Showing posts with label School. Show all posts
Showing posts with label School. Show all posts

Friday, August 14, 2009

Dealing the Best Way I Know How

D doesn't understand. My parents don't understand. And at some point, not even I understand. BUT I AM DEALING THE BEST WAY I KNOW HOW!

There are definitely some days when I don't know which way is up. Or if I will sincerely make it through the day. Today was one of those. I think I had a panic attack. Or at least had trouble breathing as I stressed about money and school for hours. My parents called to talk to me. And I tried to explain that I just cannot come up with all the money for tuition, books, my internship, insurance, and supplies. But I seemed to not be getting anywhere with them.

But I tried to pull it together before D got back. This is not something he needs to deal with. Especially as he is preparing for this weekend. But he rolled in. All happy and ready to relax after a hard day at work. My eyes were blood shot, I was still struggling to catch my breath, and I was sitting in the corner, in a ball.

These are the hard times. The times in my life when I am not sure why I do this. Or why in the world I let people do this to me. Or if in the end, is it all worth it? I don't know. I really don't. But there is something about D, that makes even these bad things, somewhat bearable. In one quick swoop, he collected me into his arms. And I never felt safer.

So maybe not everything is fixed. But I do feel better. D has a way of doing that. Money problems will plague me until I either finish school or leave it. But at the end of the day, there is more to life than money, school, and worries.

XOXO

♥D

Wednesday, August 12, 2009

Dealing

This just seems to be one of those weeks. And I don't even know where to begin. D left for DC earlier today and was not happy when he called me a while ago. His meeting was postponed until next week. They didn't let him know until he was ready to land. The man is not happy. He is actually considering not going next week. WHAT???

I am in the midst of trying to decide what to do for the next 4 months or so. I have no clue what I want to do. If it was really up to me, well I would just pack up the books and spend my time with D. Seriously, I could easily get used to making him breakfast every morning, keeping him on schedule, and traveling across the country with him.

But it is not up to me. And school is breathing down my back. More like my parents are breathing down my back. Or my dad is. So I need to get it together. I really don't have the money to do it right now. But that is never a good enough excuse for my dad. And I am trying to do it on my own without accumulating debt. My parents, I know, want to help. But they have a business and are doing their own thing. Anyway, I am 26 years old and need to do this on my own. Without leaning on people. So I won't ask them.

D is almost ready to shove the money down my throat. But like I told him, that is HIS MONEY. We are not married. And I wouldn't feel right asking or even letting him pay for my education. The house stuff, yeah he can pay for it. Or the traveling. But not things like school, crafts, or my love of makeup. Those are things that I need to deal with.

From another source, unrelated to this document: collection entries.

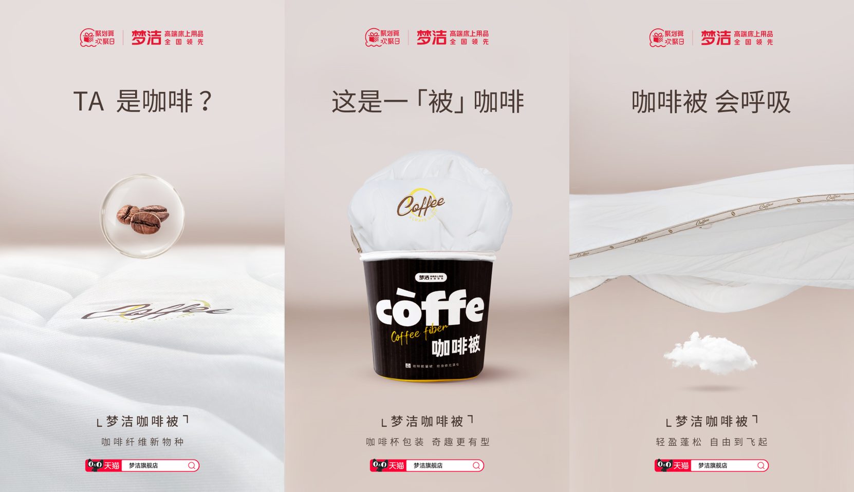梦洁掌握爆品营销的核心打法,深度洞悉年轻消费躯体,在打造备受年轻人喜欢的产品的同时,通过创意营销途径,拉进品牌——产品——消费者三者间的距离,让更多消费者深度理解产品内涵。梦洁携手天猫推出的全新概念产品「咖啡被」,开辟多维营销场景,在传递梦洁高品质的同时,玩转产品概念新花样,实现品牌声量最 大化,让梦洁的欢聚日成为了消费者的狂欢日,在年轻高净值人群当中引发热潮。
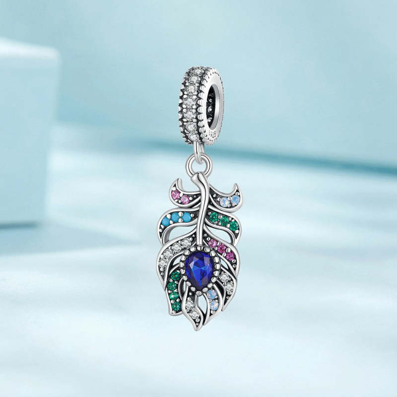 Peacock Feathers Dangle Charm Silver
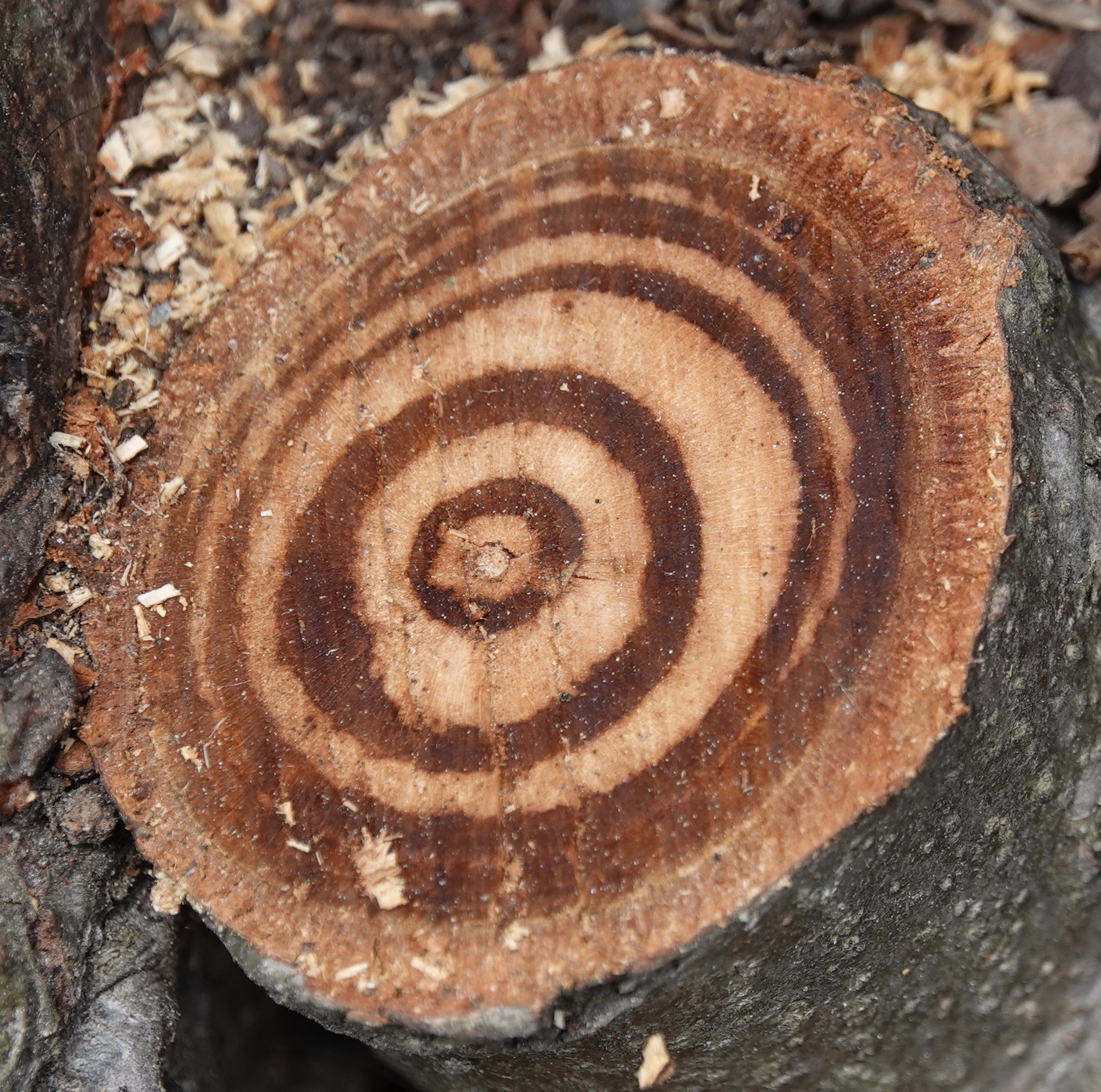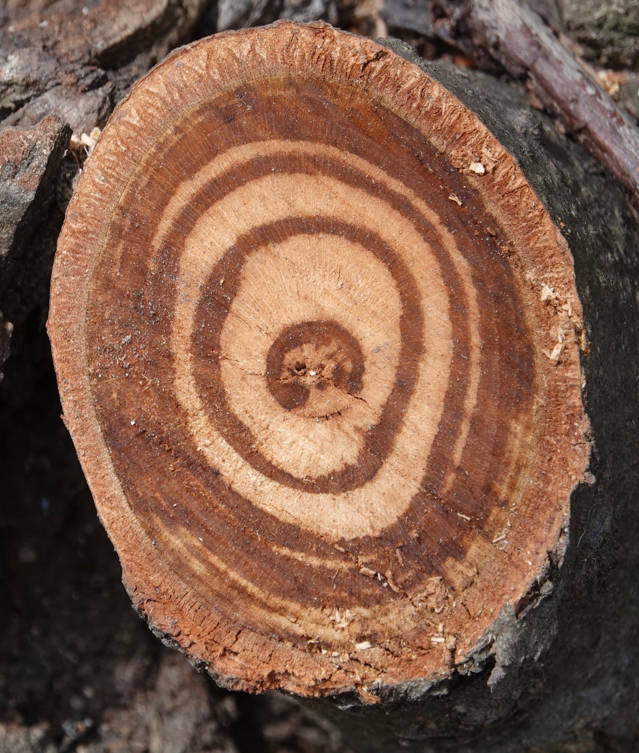 The “design” of the outermost layer – ‘ring?’ – of the tree with those chocolate-and-vanilla inner rings – the repeated, graceful X-like pattern of its exposed structure – strikes me as suggesting the invisible complexity of tree growth. Totally fascinating.
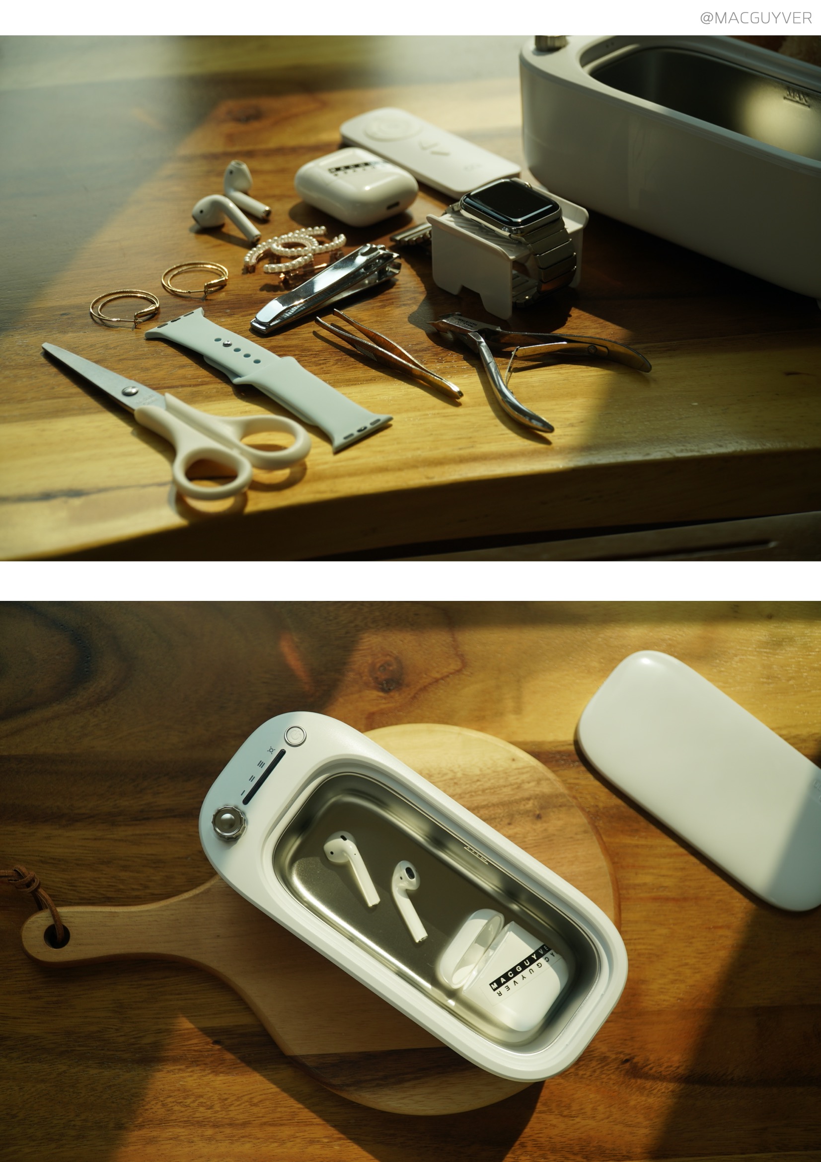 애플워치가 50m 방수를 지원한다고 하지만 습식 세척은 엄청난 진동으로 틈 사이로 물이 들어갈 수 있으니까 전자기기는 건식만 활용해보세요. 풀셋 초음파 세척기 건식의 경우는 소리 없이 UV 만으로 세척을 해주는데, 이 경우에도 살균 능력이 99.9%라고 하니까 걱정하지 말고 건식만 해줘도 충분합니다. 풀셋 살균 초음파 세척기 여담이지만, 통 안에 가능한 많은 도구들을 한 번에 넣어서 작동하는 것도 추천하지 않습니다. 살균 초음파 세척기 겹치는 부분에는 제대로 살균이 안될 수 있거든요. 전체적인 소감이라면 기능성이 뛰어나면서도 디자인이 인테리어 효과도 낼 수 있을 정도로 잘 다듬어져 있었어요. 발열은 거의 없었고, 어댑터도 연결이 간단해서 편하더라고요. 물론, 마이크로 5핀과 같이 범용성 높은 단자가 아닌 점은 아쉽기도 합니다. 오늘 소개해드린 UV 살균기, 풀셋 살균 초음파 세척기는 다용도로 활용이 가능한데다, 습식에 더해서 건식까지 지원하니까 사용 가능한 제품이 무궁무진하더라고요. 코로나로 걱정이 많은 분들이나, 전자기기를 제대로 관리하고 싶은 분들, 에어팟 소독, 마스크부터 미용 및 일상 용품까지 다양하게 살균 소독하고 싶은 분들이라면 풀셋 초음파 세척기를 알아보시는 것도 추천합니다.
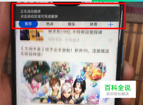 点击后,页面上方会显示正在滚动截屏。这时,界面会自动滚动。当滚动到我们需要截取的图片长度时,我们点击屏幕。
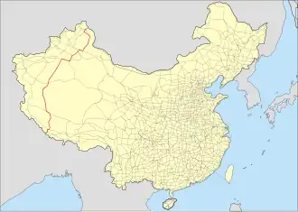 China National Highway 216 (G216) is a highway in Xinjiang and Tibet, China. With the 2013 National Highway Network Plan, the route was extended north to Hongzhanzui in Fuhai County on the border with Mongolia, and extended south to the boundary with Nepal in Gyirong County. Originally it ran in the general southern direction from Altay City, Xinjiang to Baluntai (in Hejing County, Xinjiang), where it joins China National Highway 218. It was originally 857 kilometres in length. After landslides blocked Zhangmu port of entry, for a while, G216 was the only road link between Nepal and Tibet.[1]

So I AM DEALING. I don't know if I am dealing well. But I am dealing. The best way I know how. By cleaning. And cleaning everything around me. D's nieces cannot believe how much I clean. Or how much I have been cooking. But them being around, it helps keep my mind off of things that I cannot control!

XOXO

♥D

Tuesday, July 21, 2009

Back to Reality

It has already been a pretty crazy day. I finally talked to my Dad about some school stuff. The two of us had a good talk this morning. We laid it all on the table. And after some tears on my end, I think we are finally seeing eye to eye on things. I just think he better understands me now.

The Man Beast, AKA D, is off to work. He was pretty excited about going. Especially when he realized he would be "Airwolfing" it to work. That just made me laugh. But it is good to see him excited about work again. I just think he needed a break. And this vacation was perfect for him!

I, on the other hand, am pretty stressed out. I have a seriously important doctors appointment later today. And I can't help but be worried...and stressed out about it. I am just praying things go OK. Then I also have this whole school and career thing that is just got me in knots. I don't know what I am going to do. I need to do some serious thinking about this.

For now, I am working on some gifts. One of D's good friends recently had a baby girl. So I am doing some finishing touches to some gifts. We bought some, and I made some. I can't wait to go visit the little princess!

And I am giving our "Fur Babies" some love. I know they missed us. So we are just hanging out together while "Daddy" is gone working. Really, the pups need love. They have followed me everywhere, and I mean everywhere, since we got home.